Gross inflows totalled £3.9bn – almost a 70% increase on last year’s figure of £2.3bn.
RLAM AUM up 11%
RLAM assets under management rose 11% from £47.55bn at the end of December 2012 to £52.95bn.
Total group AUM were up 48% on last year, now at £73.6bn, including the £20.5bn of fnuds acquired through the acquisition of Co-operative Asset Management Limited in July 2013.
Platform Ascentric reported net new assets of £1.68bn over the year, compared with 2012’s £1.21bn, which it said was down to the improved economic conditions and suggested the RDR had “refocused” the adviser community, which it said led to greater demand for platform services in 2013.
That saw Ascentric’s 43% increase in total assets under administration, now £7.3bn, grow its market share of the UK platform space. It added that a record 800 new adviser firms signed up to the platform, which it said put it in a strong position coming into 2014.

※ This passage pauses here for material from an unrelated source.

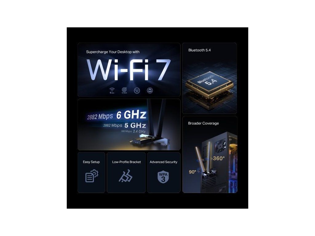Síťová karta Archer TBE400E od značky TP-Link poskytuje bezkonkurenční rychlost ve 3 pásmech. Pásmo 6 GHz umožňuje rychlost připojení až 2 882 Mbit/s, pásmo 5 Ghz 2 882 Mbit/s a pásmo 2,4 GHz 688 Mbit/s. Podporuje standardy Wi-Fi 7, takže je ideální pro práci, HD streamování nebo hraní her.

Continued support post-RDR
Royal London said the group would continue to invest in proposition and service quality to support the adviser channel in the post-RDR environment.
Phil Loney, group chief executive of Royal London, said: “Overall new business performance in 2013 was strong, with significant year on year gains in pensions and investments. It is particularly pleasing that we have achieved strong new business performance across our range of pension, drawdown, wrap platform and asset management offerings.
“The Retail Distribution Review reforms have led many intermediaries to rework their business models. The market's focus is now firmly on the quality of products and service offered by providers rather than on levels of commission, and Royal London has benefitted from this as we continue to build a more customer centred business.”